Last weekend I arrived in Virginia to begin a month’s work for the Obama campaign. The levels of organisation, drive and purpose that I have witnessed since being here have certainly been impressive – little wonder that Iain McNicol, General Secretary of the Labour Party, chose to visit the Falls Church office during a recent fact finding trip to the US.
In Virginia, the party has been engaged in a huge voter registration drive, clocking up nearly 100,000 new voters (in a State with a total population of 8 million). Now, the challenge is to make sure that these voters, who have never voted before, actually go to the polls on 6th November.
In one county alone, there are eight large offices co-ordinating the campaign, which serve as hubs for a vast volunteer effort. Each office has approximately four Field Organisers – full time workers who have already been in the post for months, and in many cases have put their professional lives on hold for the campaign.
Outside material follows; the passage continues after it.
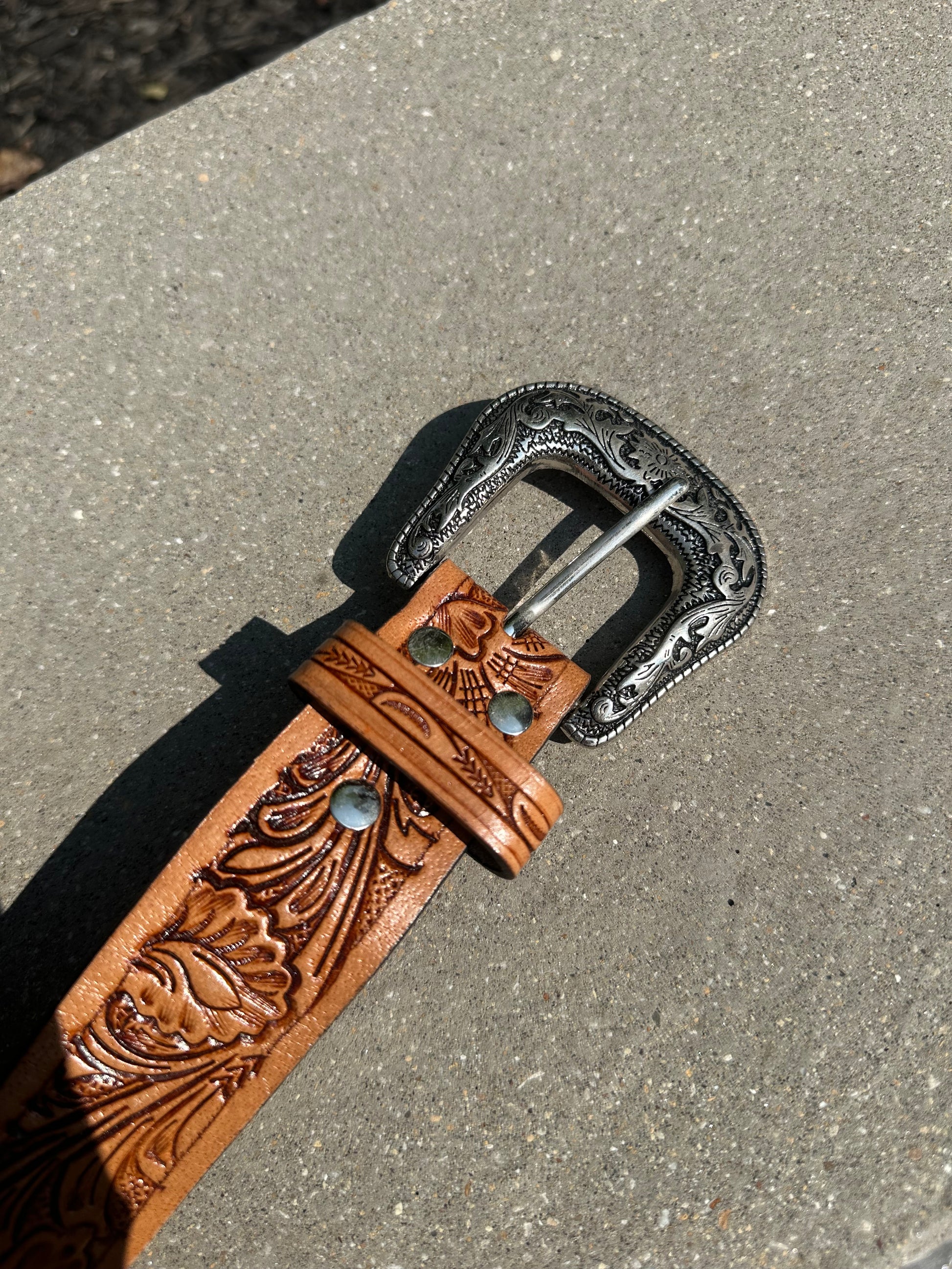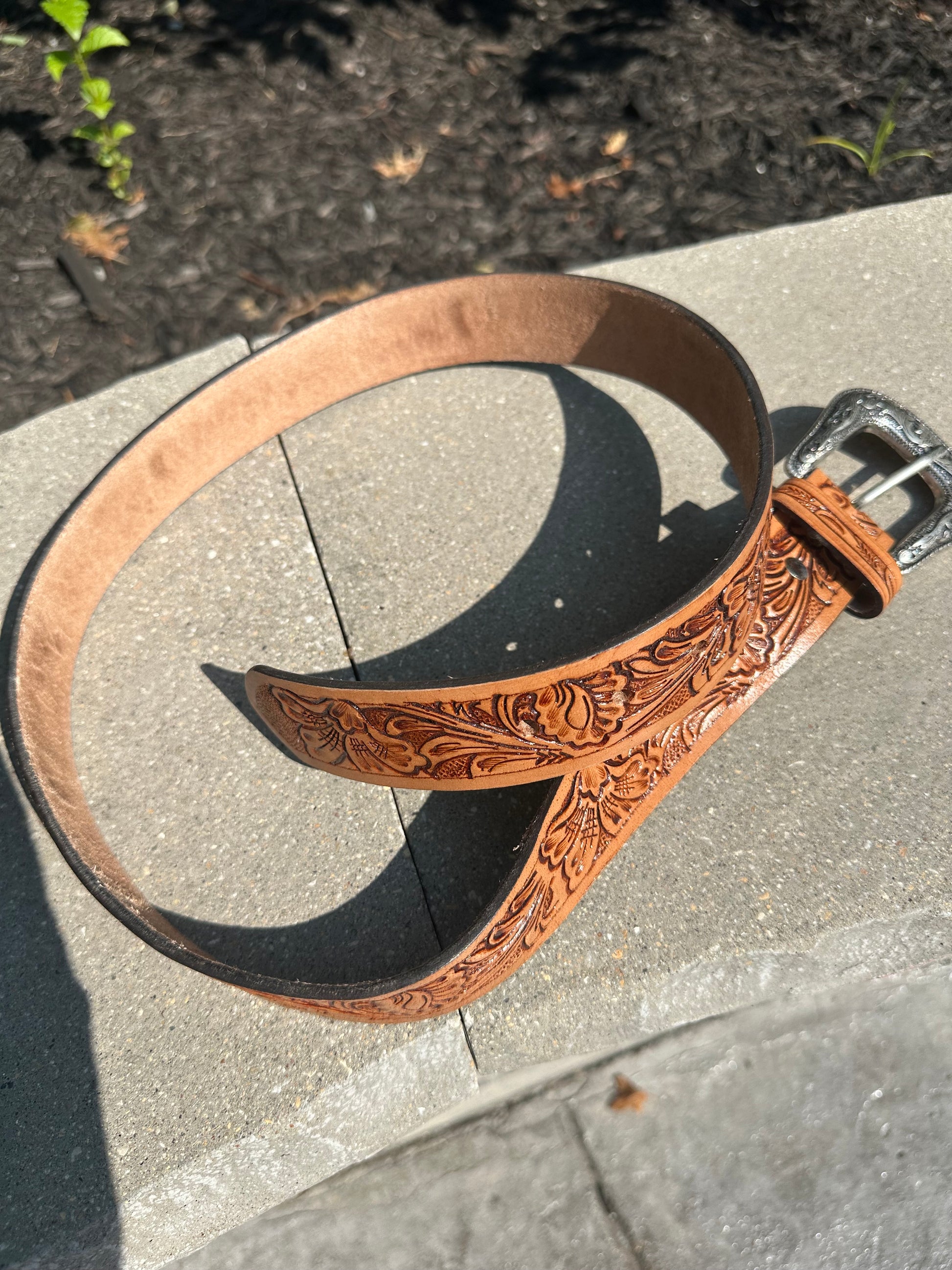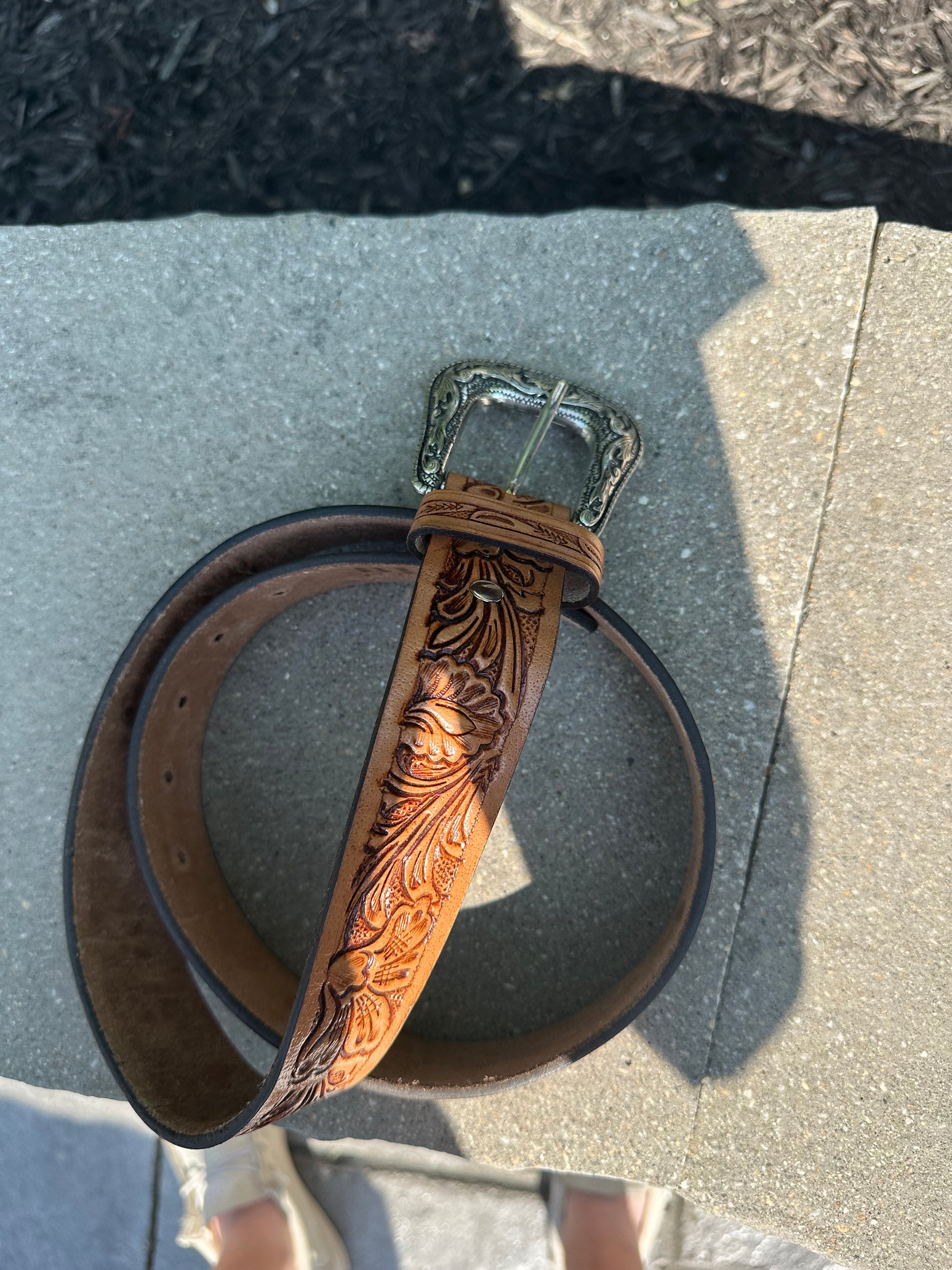 tooled leather, light brown, muliple sizes and holes, metal buckle, belt
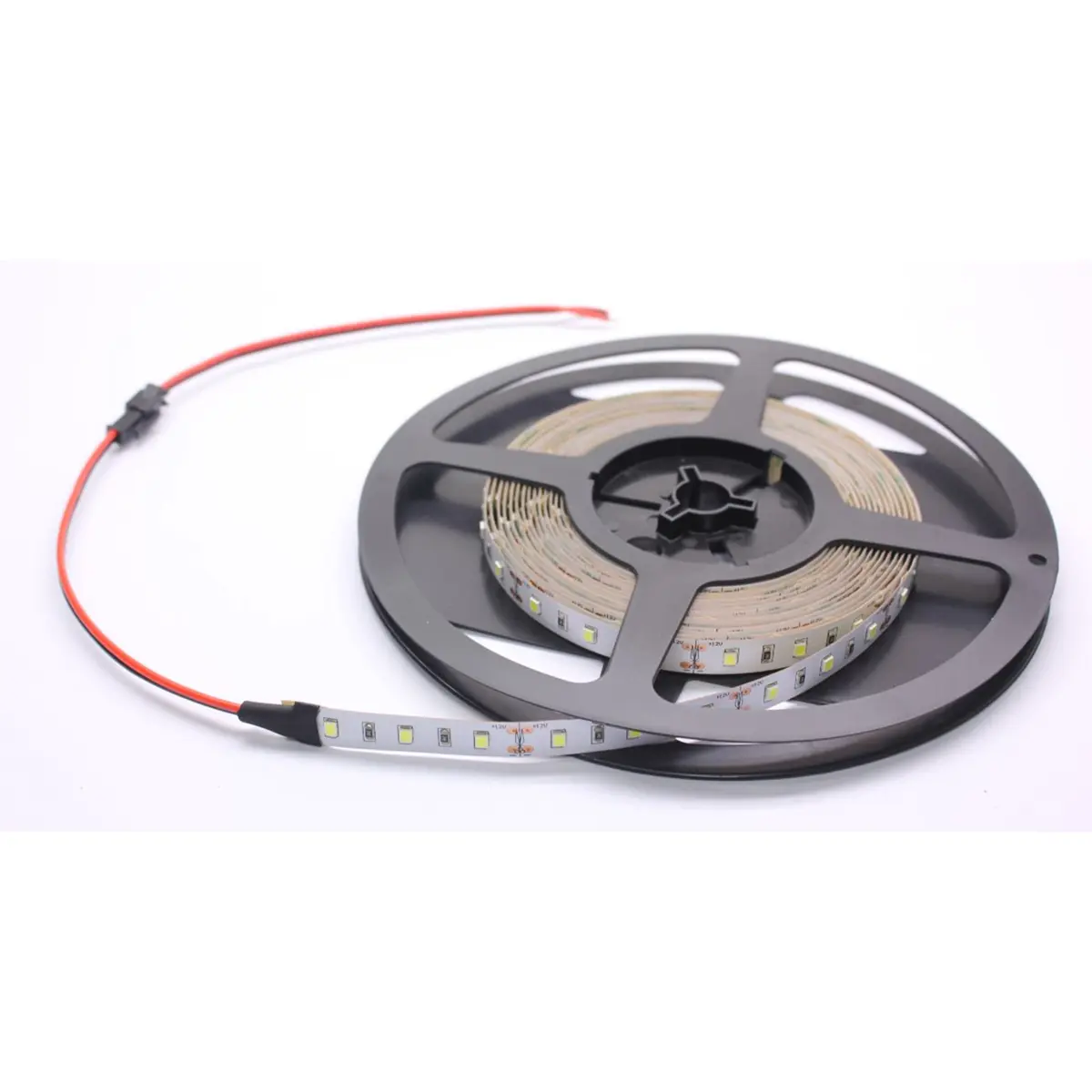 Fita de LEDs de 12V, 5 m, 60W, com 6750 lm e LEDs SMD2835. Cor 6000K (branco frio) e ângulo de abertura 120º, IP20, indicada para interiores. Ideal para iluminação decorativa, realce de ambientes e iluminação indireta, com instalação simples em conjunto com um driver de 12V.

Each of them co-ordinates a number of volunteers, and a big theme of this is the ‘multiplier effect’ – asking each volunteer to ask their friends and family to get involved, who will then do the same to their social circle.
Spending time in the local campaign offices, one is reminded of the Tory rhetoric (now quietly dropped) of a ‘big society’. Ordinary people are making extraordinary commitments of time and effort to a cause that they feel so strongly about – from phone banking, to canvassing, training other volunteers, and even cooking. Many are veterans of many election campaigns, and have travelled to this key swing state from all over the country.
Whilst watching Tuesday’s presidential debate with supporters at a local Organizing For America Office, I was reminded just how passionately people feel about this election. Fearful perhaps of another performance like that in the first presidential debate, those rooting for Obama at the office greeted every attack he landed on Romney with reactions more akin to football supporters than politicos. Those sitting around me willed Obama to ‘take control’ of the debate, and were overjoyed when he finally made a reference to Romney’s 47% comment – which he had (surely deliberately) left until his closing remarks.
Obama’s success in the debate was then used to further motivate the party faithful who are working on the campaign, and spur them on to even greater efforts. The team have been urged to make the ‘big ask’ of volunteers – persuading them to commit to two shifts of phone banking, rather than one, for example, or asking them to canvass on Sunday as well as Saturday. New volunteers have been turning up in person at the office every day, spurred on by the President’s performance.
The more aggressive Obama that we saw at Tuesday’s debate will have galvanised his supporters but the overtly confrontational style of the debate will have done little to attract the tiny fraction of voters that remain undecided. In the short time that remains before America goes to the polls, getting out the vote will be crucial.